__EXERCISE OBJECTIVE__.
Quote exactly, and only, the lines of the material below from the line with "Infinix 70W Fast" through the line with "Add a bold statement".

__RECORDS FOR THIS TASK__.
------------------------------------

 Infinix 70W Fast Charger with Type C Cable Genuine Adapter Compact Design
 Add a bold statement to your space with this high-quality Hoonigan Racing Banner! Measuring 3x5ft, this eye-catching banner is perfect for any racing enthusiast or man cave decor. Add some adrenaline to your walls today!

------------------------------------

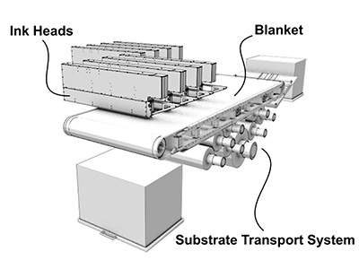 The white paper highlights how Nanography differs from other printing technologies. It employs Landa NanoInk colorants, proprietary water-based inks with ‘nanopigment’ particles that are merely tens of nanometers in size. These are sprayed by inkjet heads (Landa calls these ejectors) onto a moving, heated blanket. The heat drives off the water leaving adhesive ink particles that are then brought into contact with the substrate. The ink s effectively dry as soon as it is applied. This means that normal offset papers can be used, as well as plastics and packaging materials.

------------------------------------

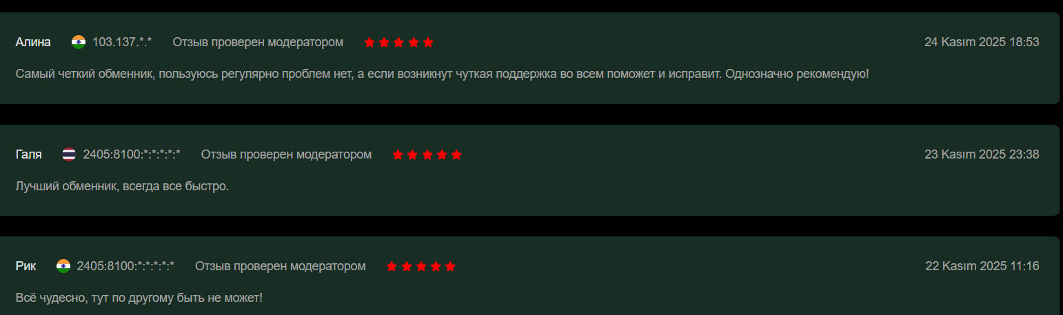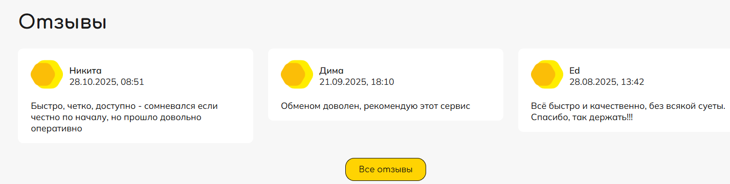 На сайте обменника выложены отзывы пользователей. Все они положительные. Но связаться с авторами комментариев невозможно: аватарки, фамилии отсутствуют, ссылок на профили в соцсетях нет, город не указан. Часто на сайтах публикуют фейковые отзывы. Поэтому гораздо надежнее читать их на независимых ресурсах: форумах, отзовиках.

------------------------------------

__SOLUTION FOR THIS TASK__.
 Infinix 70W Fast Charger with Type C Cable Genuine Adapter Compact Design
 Add a bold statement to your space with this high-quality Hoonigan Racing Banner! Measuring 3x5ft, this eye-catching banner is perfect for any racing enthusiast or man cave decor. Add some adrenaline to your walls today!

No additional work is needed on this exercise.